In mythology, Pygmalion was a Cypriot sculptor who fell in love with one of his own statues. So besotted was he with his ivory creation that he beseeched Venus to transform it into flesh and blood. For some reason, the goddess obliged: Pygmalion and his former statue married, had babies and lived happily ever after. But Everett seems far too in love with himself even to bother wiping the dust from his creation, let alone contending with the emotional traumas and psychological complexities inherent in human relationship.
Ah, that’s what Shaw intended, I hear you say. Well, up to a point. Higgins is undoubtedly selfish and immature, if not at times an ignorant and insensitive bully. I’ve known a few. But he’s also evidently a convivial fellow of intellectual wit and sparkling charisma (of whom I’ve known fewer). While the process of crafting a duchess from the squashed cabbage leaves of Covent Garden would certainly have been a lot of hard work, Shaw makes it abundantly clear that Wimpole Street is also a very great deal of fun, so much so that Eliza yearns to return. Unfortunately, I just can’t believe in this production that she’d be remotely homesick. In fact, if I’d been Eliza and spent months cohabiting with Everett’s Higgins, I’d have felt an overpowering urge to ladle down the gin, kick him in the balls and join the suffragettes.

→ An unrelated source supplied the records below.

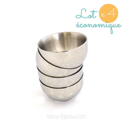 Inox 18/8 double paroi isolée.Diamètre 12cm . Hauteur 7cm. Contenance 400ml . Poids 215g.
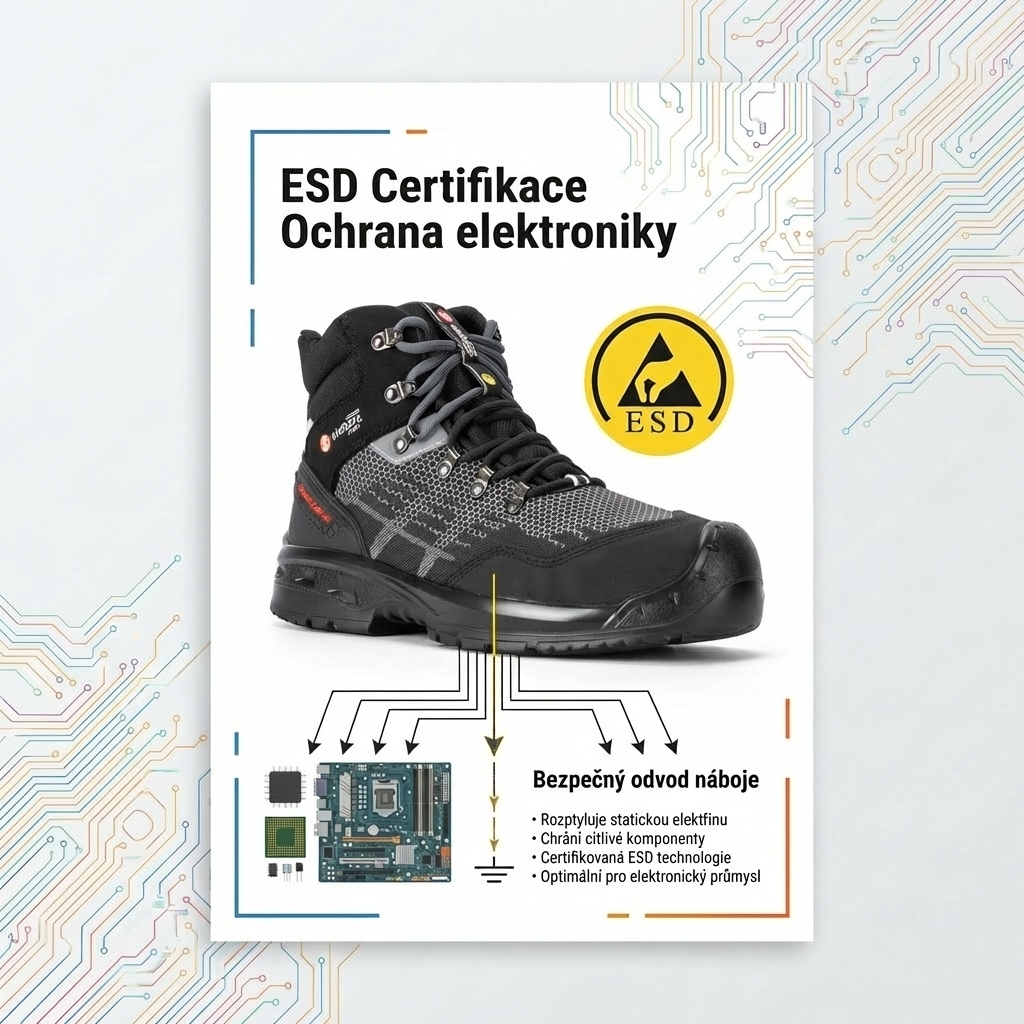 Bota je certifikována jako ESD (ElectroStatic Discharge) v souladu s normami IEC EN 61340-5-1:2016, IEC EN 61340-4-3:2018 a IEC EN 61340-4-5:2018. Statická elektřina, která se hromadí při pohybu, se bezpečně odvádí přes podrážku – a neohrožuje citlivé elektronické komponenty, se kterými přicházíte do kontaktu. Pro elektrikáře, techniky nebo pracovníky v průmyslu s elektronikou je to vlastnost, která se nedá přehlédnout.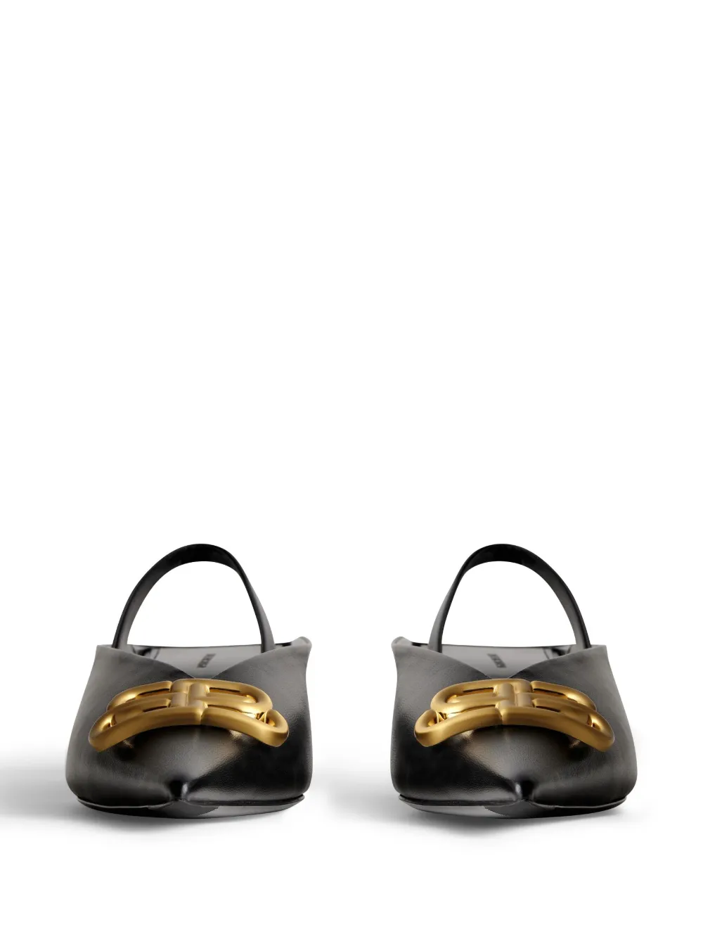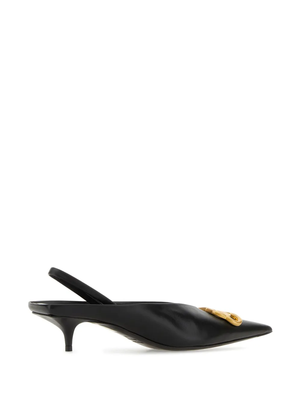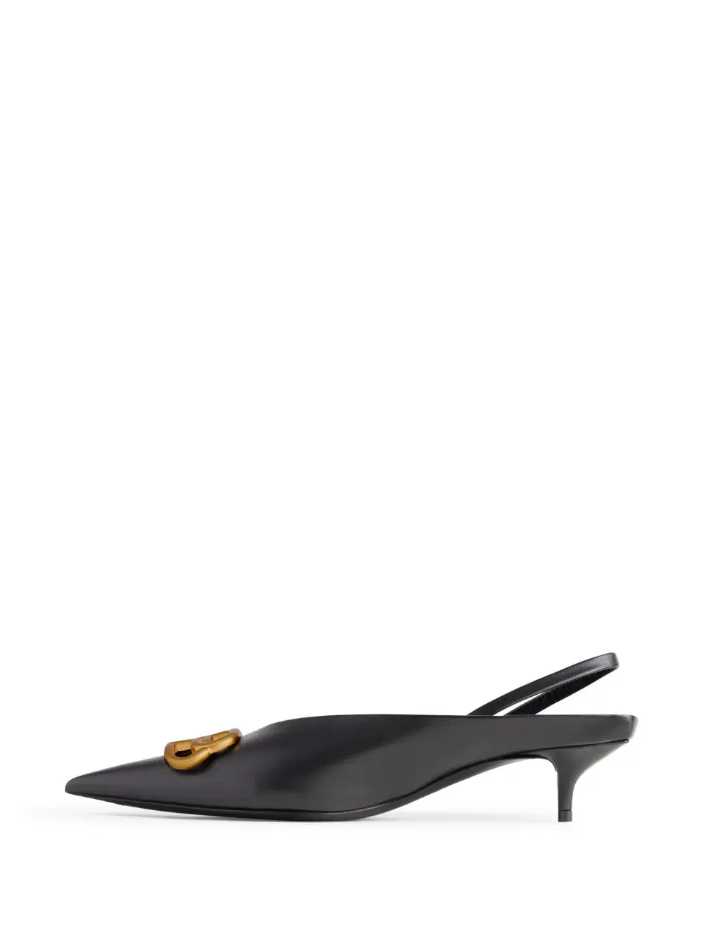 Черный, телячья кожа, золотистый металлический логотип, заостренный носок, ремешок на пятке, стелька с логотипом и каблук-рюмка.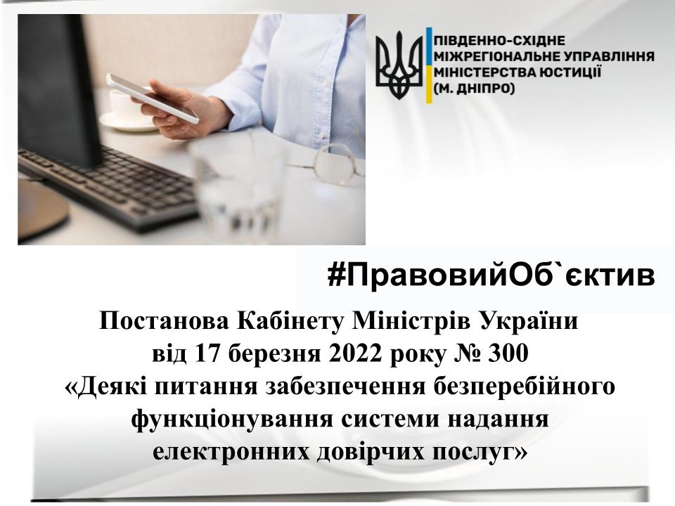 #Правовий_Обєктив: Постанова Кабінету Міністрів України від 17 березня 2022 року № 300 «Деякі питання забезпечення безперебійного функціонування системи надання електронних довірчих послуг»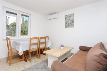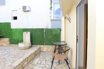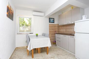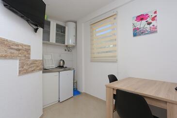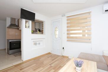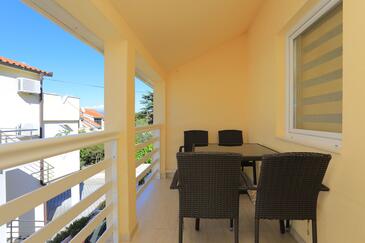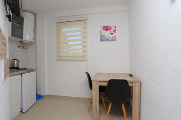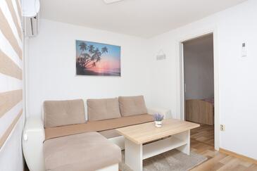Ferienwohnung bietet Platz für 5 Gäste. Die Betten sind in Schlafzimmern, die es 2 gibt, und in Wohnzimmer, innerhalb einer Gesamtfläche von 44m2, angeordnet. Die Gäste haben einen eigenen Balkon zur Verfügung, auf der sie in warmen Sommernächten genießen können. Das Apartment bietet Meerblick. Es ist erlaubt, Speisen auf dem Gemeinschafts-Grill vorzubereiten.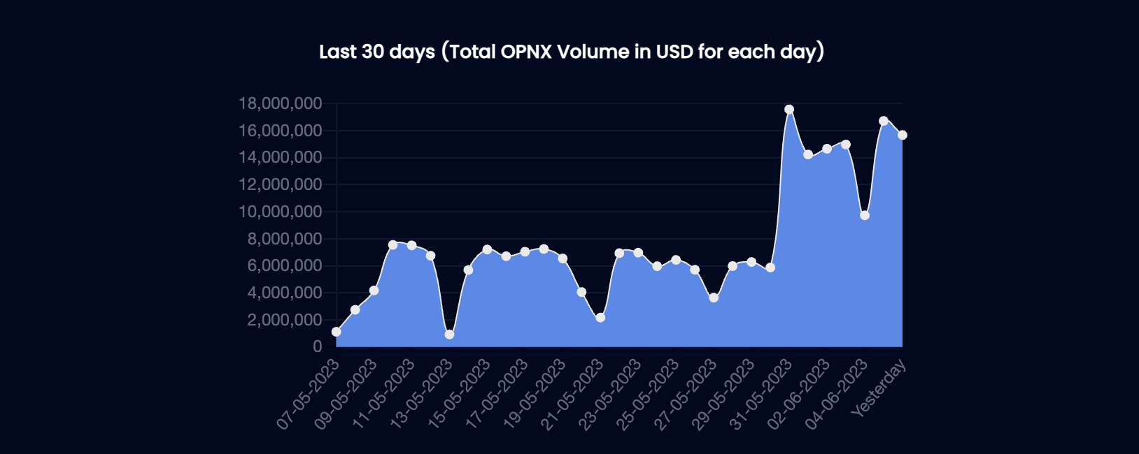 在支持代币化的债权交易的同时,OPNX 同样开启了 BTC、ETH 等主流加密货币的现货与期货交易。与债权代币几乎无人交易的情况不同,OPNX 的永续合约交易交易量呈上升趋势。根据官网数据,近期 OPNX 每天的总交易量约为 1500 万美元。

It is against this moody, swarthy presence that everyone else has to play their part. And (thankfully) they do it with aplomb. Peter Eyre is superbly lugubrious as Colonel Pickering. As he and Higgins attempt to bring Eliza to life by instilling her with the vowels and manners of a duchess, Eyre actually makes the better sculptor. Diana Rigg’s impeccable Mrs Higgins has all the command and gravitas you’d expect from one of the great dames of British theatre. And Michael Feast’s Alfred Doolittle is pure delight from beginning to end: when he speaks of the economics of poverty, middle-class morality and the politics of church and chapel, he conveys a highly intelligent grasp of the complex undercurrents of Edwardian society. But there is something seriously amiss when I look forward more to each entrance of Freya Dominic’s wonderful parlour maid than I do to Everett’s boorish Higgins.

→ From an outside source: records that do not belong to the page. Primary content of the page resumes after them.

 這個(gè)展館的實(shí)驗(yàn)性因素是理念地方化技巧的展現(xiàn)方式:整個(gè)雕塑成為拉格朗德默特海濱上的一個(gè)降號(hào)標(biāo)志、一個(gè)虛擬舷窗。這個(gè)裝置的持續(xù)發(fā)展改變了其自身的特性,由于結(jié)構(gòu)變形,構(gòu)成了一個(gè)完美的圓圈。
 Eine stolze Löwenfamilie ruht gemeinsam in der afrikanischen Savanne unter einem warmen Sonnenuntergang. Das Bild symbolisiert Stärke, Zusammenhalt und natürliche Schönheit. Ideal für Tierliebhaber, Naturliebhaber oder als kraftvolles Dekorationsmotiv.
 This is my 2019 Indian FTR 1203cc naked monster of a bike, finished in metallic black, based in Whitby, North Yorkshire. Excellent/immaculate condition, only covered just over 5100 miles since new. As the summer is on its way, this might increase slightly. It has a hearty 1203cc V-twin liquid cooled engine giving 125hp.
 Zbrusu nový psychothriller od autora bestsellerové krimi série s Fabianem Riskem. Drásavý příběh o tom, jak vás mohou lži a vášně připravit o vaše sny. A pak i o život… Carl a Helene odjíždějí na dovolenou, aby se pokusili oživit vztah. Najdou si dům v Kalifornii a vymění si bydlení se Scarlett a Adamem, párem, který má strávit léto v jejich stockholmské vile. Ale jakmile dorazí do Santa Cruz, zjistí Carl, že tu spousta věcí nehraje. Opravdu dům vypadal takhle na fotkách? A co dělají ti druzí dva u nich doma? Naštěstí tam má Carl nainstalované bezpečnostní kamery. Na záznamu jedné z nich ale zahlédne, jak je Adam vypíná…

Without doubt, the greater glory goes to Kara Tointon, whose Eliza really is a class act. She begins as a stroppy, tantrum-flinging chimp and ends a superbly aristocratic goose, reminding me a little of the late, great Wendy Hiller, whom Shaw himself insisted on casting as Eliza in the 1938 film. I was fortunate to know Dame Wendy, and she talked to me about Shaw and Pygmalion over endless cups of tea in her fragrant English country garden in Beaconsfield. The role of Eliza was, of course, pivotal to her career, as it will doubtless prove for Tointon, whose progression from soap opera to classical theatre is as assured as her transformation from glottal abomination to RADA’s best RP. She could easily dance all night and still leave her audience begging for more.
I have no idea why Prowse opted for such a dingy set (except that he designed it) and so much hollow, wing-to-wing shouting between Eliza and Higgins: Shaw’s dialogue is almost poetically relational, and better expressed with subtle physical activities than in recumbent bawling across the entire width of the proscenium. I also don’t understand the decision to end with Eliza marrying Freddie Eynsford-Hill to strains of ‘Land of Hope and Glory’ (again, no idea why): Shaw may have speculated as much (on the wedding, that is; not the Elgar), but he pointedly rejected such a twee conclusion for his drama. And notably even My Fair Lady resisted the overpowering Broadway yearning for a convenient happily-ever-after between Eliza and Higgins. But Prowse’s directorial shortcomings aside, this is a welcome revival of a masterpiece of Edwardian theatre, made all the more welcome for Kara Tointon’s vibrant, stylish and radiant Eliza.